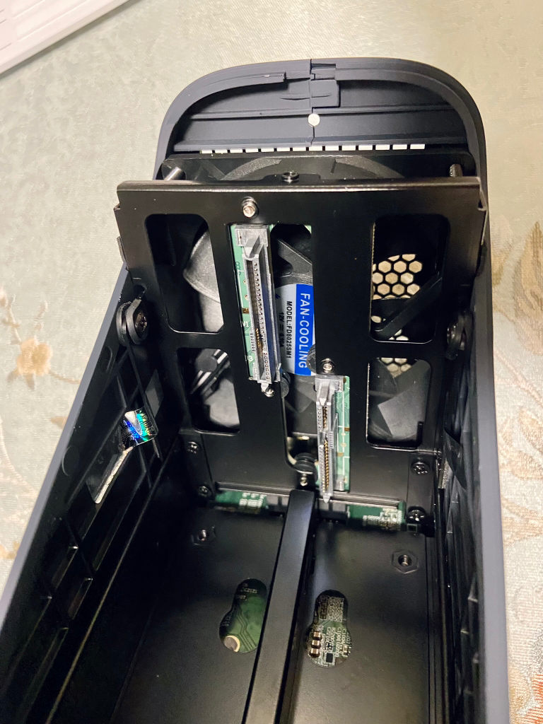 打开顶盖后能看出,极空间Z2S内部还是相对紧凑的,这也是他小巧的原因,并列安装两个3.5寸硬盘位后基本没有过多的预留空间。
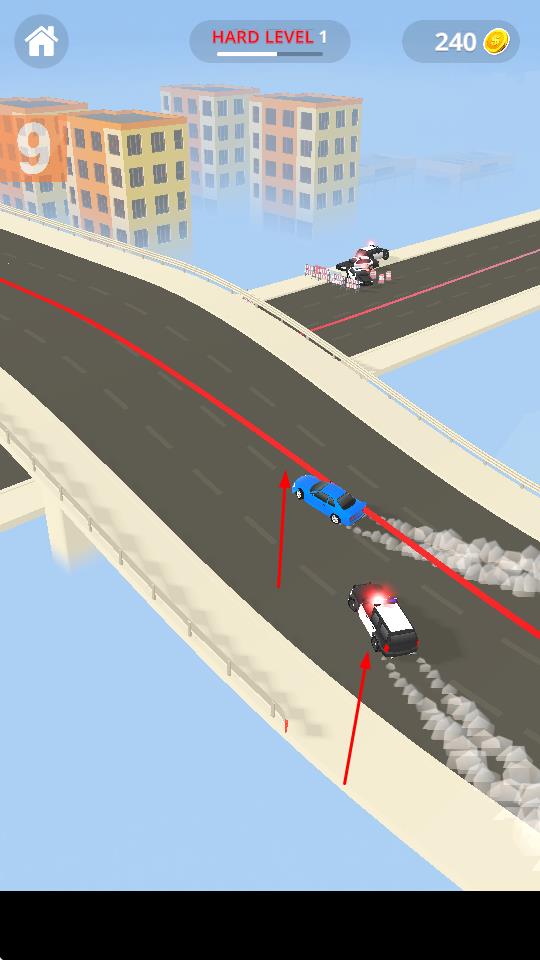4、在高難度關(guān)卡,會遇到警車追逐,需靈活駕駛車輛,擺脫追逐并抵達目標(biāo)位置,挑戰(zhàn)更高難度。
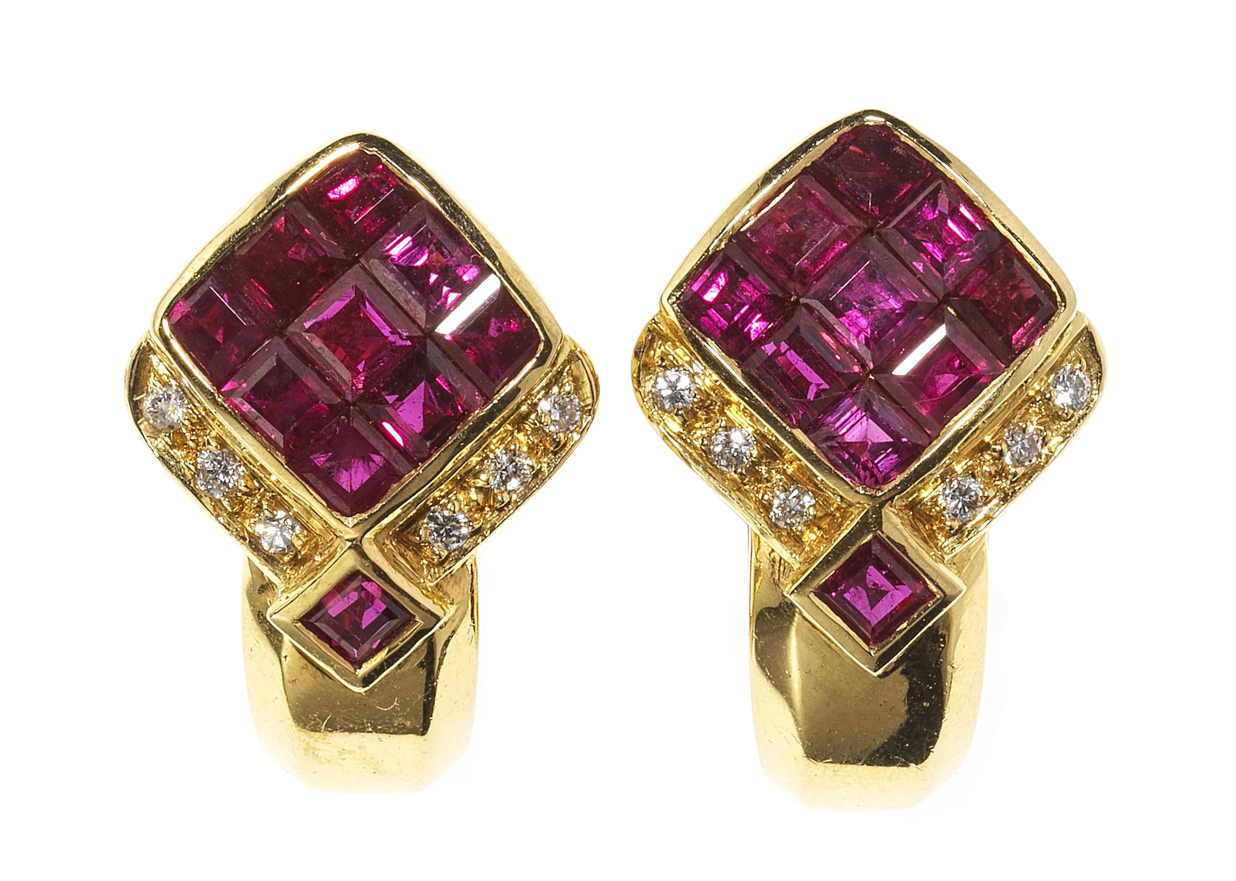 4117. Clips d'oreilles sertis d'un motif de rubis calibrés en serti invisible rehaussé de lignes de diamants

...

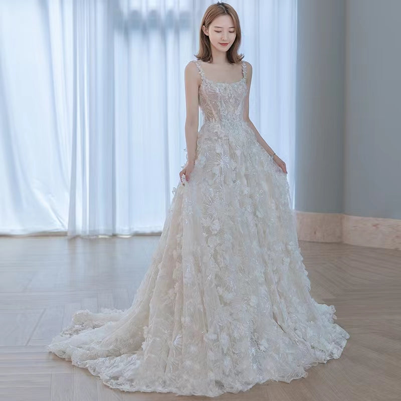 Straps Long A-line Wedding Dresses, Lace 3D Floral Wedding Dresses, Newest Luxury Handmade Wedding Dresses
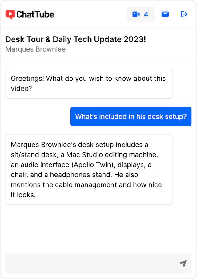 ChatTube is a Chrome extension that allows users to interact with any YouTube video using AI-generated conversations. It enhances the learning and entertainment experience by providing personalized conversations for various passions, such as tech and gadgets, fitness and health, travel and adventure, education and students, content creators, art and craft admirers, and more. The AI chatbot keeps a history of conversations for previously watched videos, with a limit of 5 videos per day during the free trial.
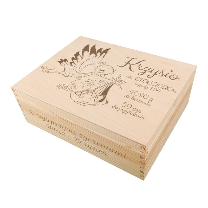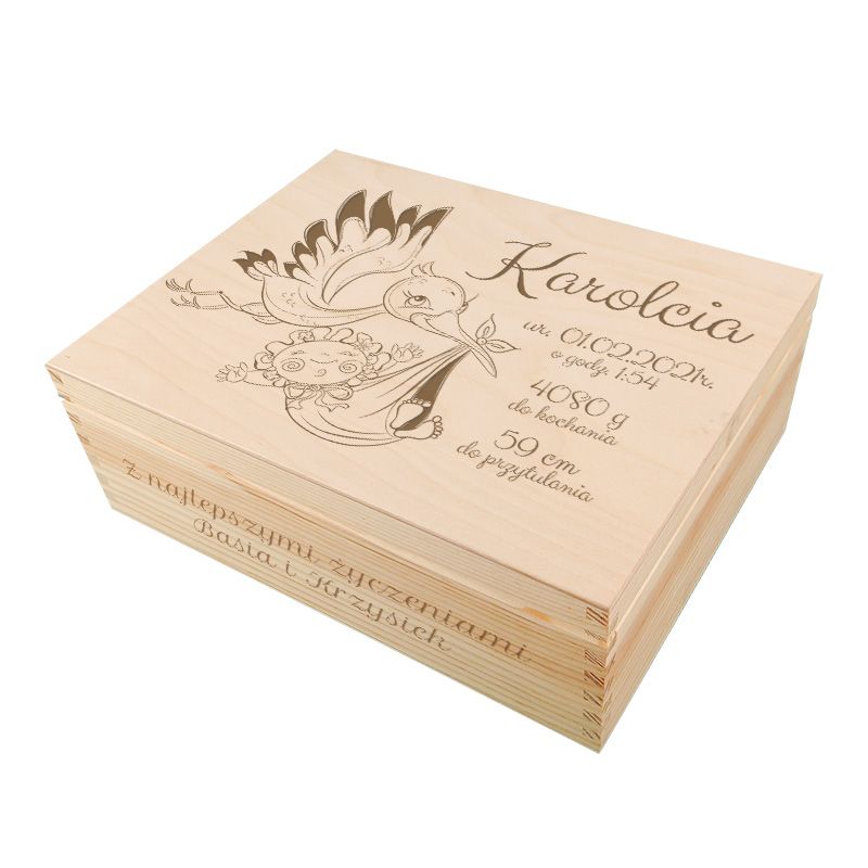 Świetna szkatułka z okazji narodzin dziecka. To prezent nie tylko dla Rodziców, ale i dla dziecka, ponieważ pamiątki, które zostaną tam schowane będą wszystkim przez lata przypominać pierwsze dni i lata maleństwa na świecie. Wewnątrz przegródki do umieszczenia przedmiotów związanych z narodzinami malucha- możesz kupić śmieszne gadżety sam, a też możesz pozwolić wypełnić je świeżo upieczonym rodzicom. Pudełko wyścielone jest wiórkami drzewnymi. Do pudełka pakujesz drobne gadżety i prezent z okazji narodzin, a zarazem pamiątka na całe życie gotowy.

→ **Task item**: Start with the line with "4、在高難度關(guān)卡" in the listing above and stop after the line with "4117. Clips d'oreilles". Write out exactly the lines in that stretch and no others, without pictures.

→ **Answer box**:
4、在高難度關(guān)卡,會遇到警車追逐,需靈活駕駛車輛,擺脫追逐并抵達目標(biāo)位置,挑戰(zhàn)更高難度。
 4117. Clips d'oreilles sertis d'un motif de rubis calibrés en serti invisible rehaussé de lignes de diamants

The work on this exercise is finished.